Five pounds
- Country: United Kingdom
- Value: £5 sterling
- Width: 125 mm
- Height: 65 mm
- Security features: See-through window, raised print, security thread, image transition, UV fluorescence, microlettering
- Material used: Polymer
- Years of printing: 1727–present 2016–present (current design)

Obverse
- Design: Nan Shepherd
- Design date: 2016

Reverse
- Design: Two mackerel
- Design date: 2016

= The Royal Bank of Scotland £5 note =

Sterling banknote

The Royal Bank of Scotland £5 note, also known as a fiver, is a sterling banknote. It is the second smallest denomination of banknote issued by The Royal Bank of Scotland. The current polymer note, first issued in 2016, bears an image of author Nan Shepherd on the obverse and a pair of mackerel on the reverse.

==History==
The Royal Bank of Scotland began issuing £5 notes in 1727, the same year as the bank's founding. Early banknotes were monochrome, and printed on one side only. The issuing of banknotes by Scottish banks was regulated by the Banknote (Scotland) Act 1845 until it was superseded by the Banking Act 2009. Though strictly not legal tender in Scotland, Scottish banknotes are nevertheless legal currency and are generally accepted throughout the United Kingdom. Scottish banknotes are fully backed such that holders have the same level of protection as those holding genuine Bank of England notes.
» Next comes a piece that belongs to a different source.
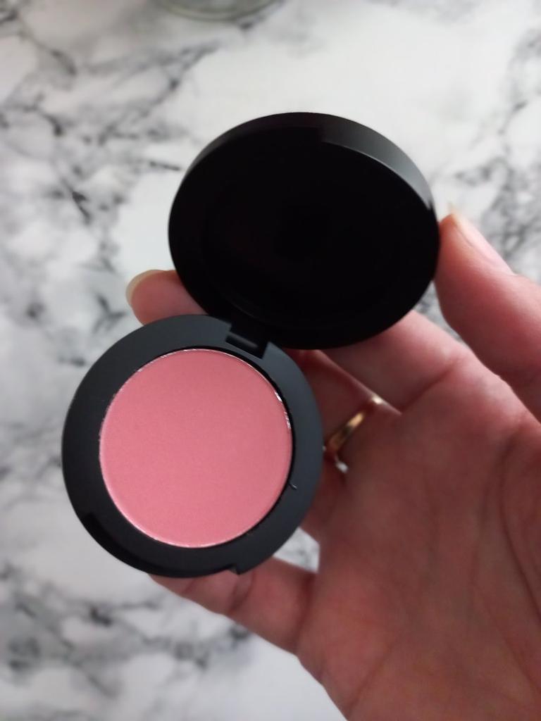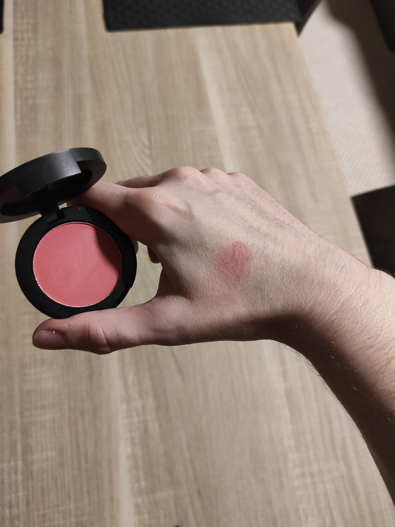 Blush molto carino, come in foto, il colore rosa è forte ma non troppo scuro.

The £5 note is currently the second smallest denomination of banknote issued by The Royal Bank of Scotland.

Scottish banknotes are not withdrawn in the same manner as Bank of England notes, and therefore several different versions of the Royal Bank of Scotland five pound note may be encountered, although the Committee of Scottish Bankers encouraged the public to spend or exchange older, non-polymer five pound notes before 1 March 2018.

The Ilay series of banknotes was first issued in 1987. These banknotes feature a portrait of Lord Ilay, first governor of the bank, on the front. Lord Ilay's image is also used as a watermark on the notes. Other design elements include the bank's coat of arms and logo, the facade of Dundas House, the bank's headquarters in Edinburgh, and a pattern representing the ceiling of the headquarters' banking hall. All of the Ilay series notes feature a castle on the back. On the reverse of the £5 note is an image of Culzean Castle. Other versions of the £5 note have been produced since the introduction of the Ilay series to commemorate certain events, including the Queen's Golden Jubilee, the 250th anniversary of the Royal and Ancient Golf Club, the 400th anniversary of the Royal College of Surgeons of Edinburgh, and a celebration of the career of American golfer Jack Nicklaus.

In 2015 it was announced that a new polymer £5 note would be issued in the second half of 2016. The new design was unveiled in April 2016, and features a portrait of author Nan Shepherd on the front. Alongside the portrait is an image of the Cairngorms, as well as a quote from Shepherd's book The Living Mountain. The rear of the note bears an image of two mackerel alongside an excerpt from Sorley MacLean's poem The Choice.

==Designs==

| Note | First issued | Colour | Size | Design | Additional information |
|---|---|---|---|---|---|
| Ilay | 1987 | Blue | 135 × 70 mm | Front: Lord Ilay; Back: Culzen Castle | Withdrawn 1st March 2018 |
| Polymer | 2016 | Blue | 125 × 65 mm | Front: Nan Shepherd; Back: Two mackerel |  |

Information taken from The Committee of Scottish Bankers website.